** DATA SHOWN follows **

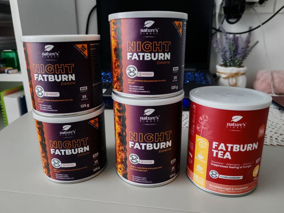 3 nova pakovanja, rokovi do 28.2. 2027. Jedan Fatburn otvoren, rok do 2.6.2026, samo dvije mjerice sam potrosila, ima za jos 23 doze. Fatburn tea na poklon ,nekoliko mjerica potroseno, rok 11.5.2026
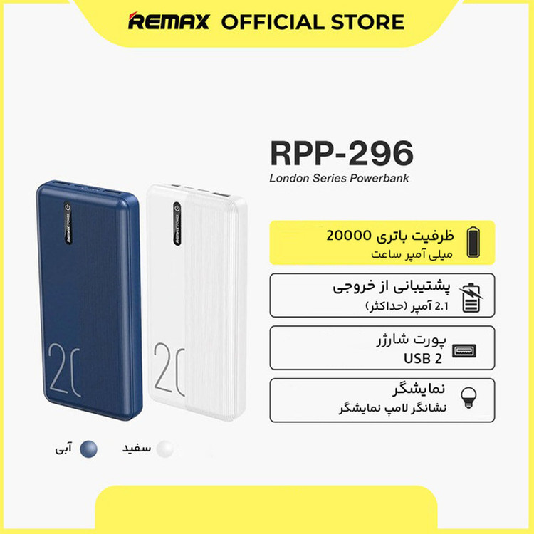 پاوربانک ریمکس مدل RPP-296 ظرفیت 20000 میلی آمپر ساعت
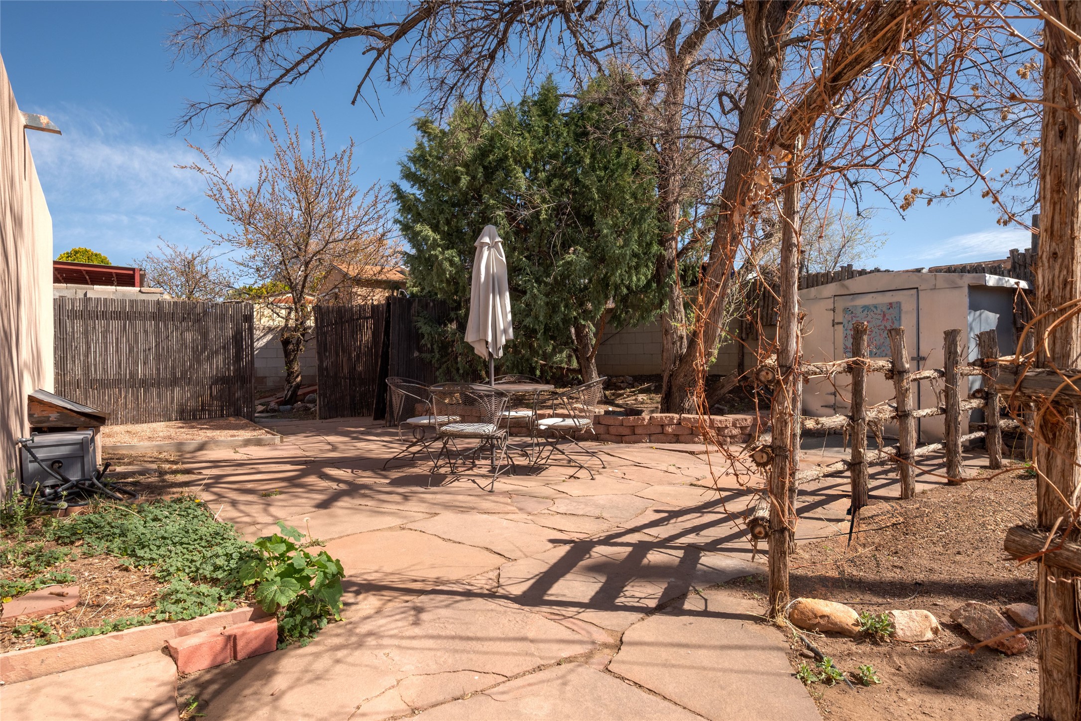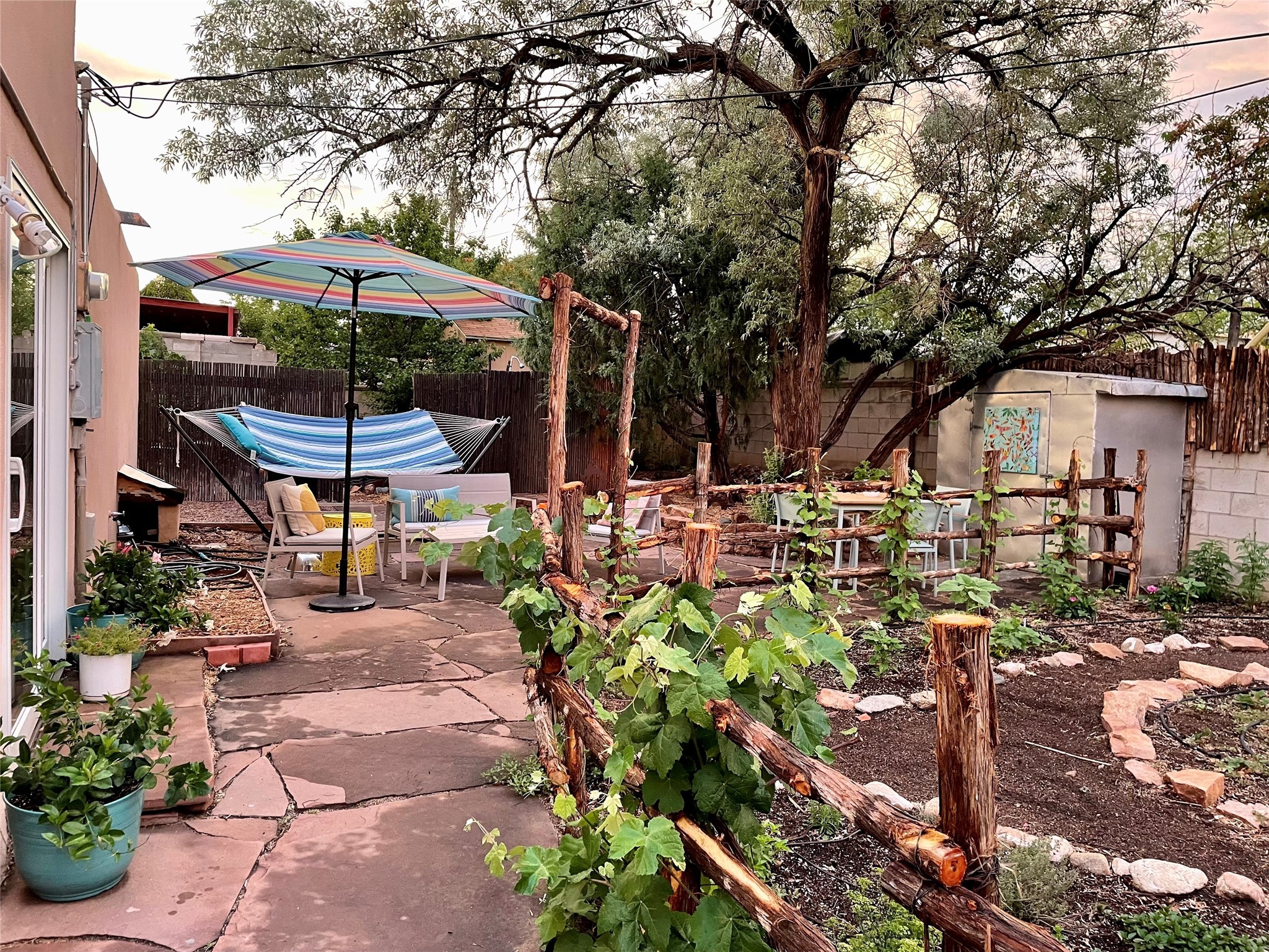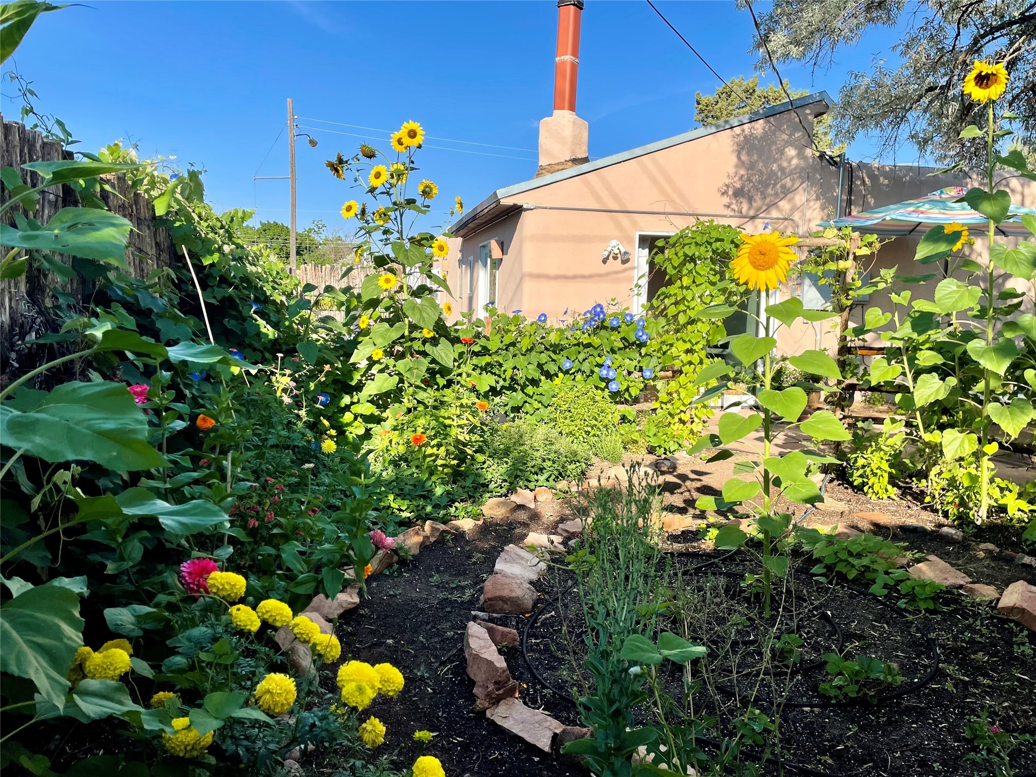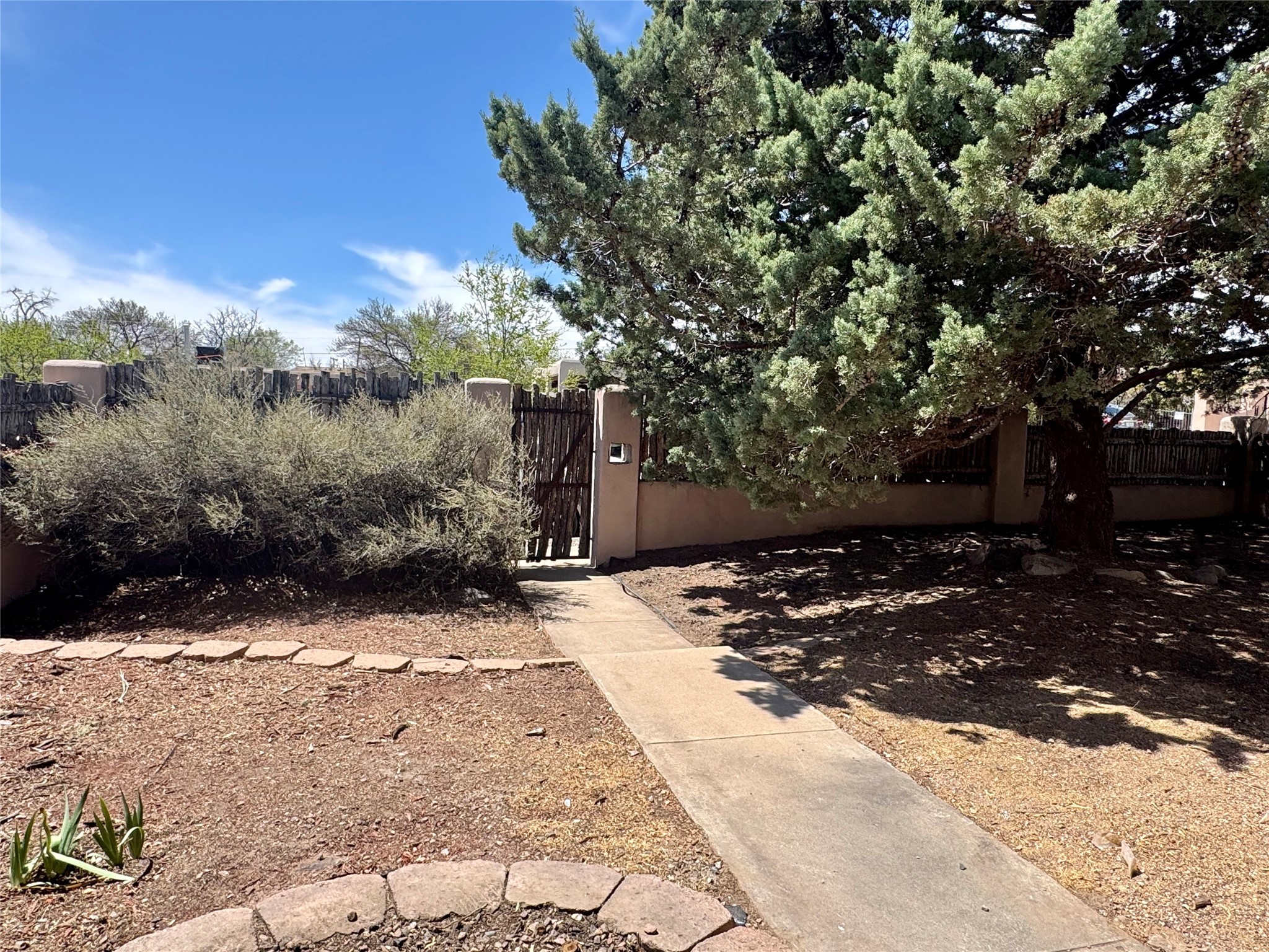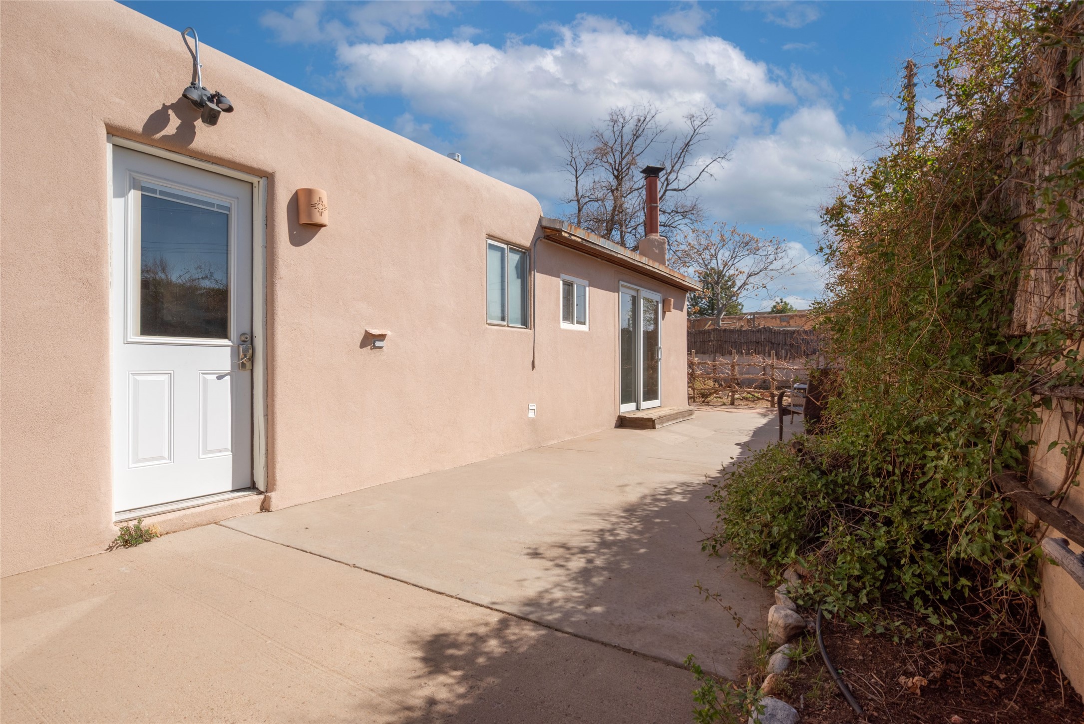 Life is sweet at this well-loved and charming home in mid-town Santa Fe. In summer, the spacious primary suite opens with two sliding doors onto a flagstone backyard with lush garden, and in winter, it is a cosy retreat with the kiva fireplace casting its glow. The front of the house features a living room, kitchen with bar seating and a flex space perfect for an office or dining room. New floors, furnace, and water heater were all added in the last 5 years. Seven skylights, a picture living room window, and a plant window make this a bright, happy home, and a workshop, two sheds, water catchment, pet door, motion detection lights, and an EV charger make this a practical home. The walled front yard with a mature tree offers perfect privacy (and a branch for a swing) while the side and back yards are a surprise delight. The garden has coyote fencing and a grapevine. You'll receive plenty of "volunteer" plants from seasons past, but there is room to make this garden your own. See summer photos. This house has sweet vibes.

** End of DATA SHOWN **

● DIRECTIONS:
Nothing but the pictures should be left out when the material above is copied.

● TASK RESPONSE:
 3 nova pakovanja, rokovi do 28.2. 2027. Jedan Fatburn otvoren, rok do 2.6.2026, samo dvije mjerice sam potrosila, ima za jos 23 doze. Fatburn tea na poklon ,nekoliko mjerica potroseno, rok 11.5.2026
 پاوربانک ریمکس مدل RPP-296 ظرفیت 20000 میلی آمپر ساعت
 Life is sweet at this well-loved and charming home in mid-town Santa Fe. In summer, the spacious primary suite opens with two sliding doors onto a flagstone backyard with lush garden, and in winter, it is a cosy retreat with the kiva fireplace casting its glow. The front of the house features a living room, kitchen with bar seating and a flex space perfect for an office or dining room. New floors, furnace, and water heater were all added in the last 5 years. Seven skylights, a picture living room window, and a plant window make this a bright, happy home, and a workshop, two sheds, water catchment, pet door, motion detection lights, and an EV charger make this a practical home. The walled front yard with a mature tree offers perfect privacy (and a branch for a swing) while the side and back yards are a surprise delight. The garden has coyote fencing and a grapevine. You'll receive plenty of "volunteer" plants from seasons past, but there is room to make this garden your own. See summer photos. This house has sweet vibes.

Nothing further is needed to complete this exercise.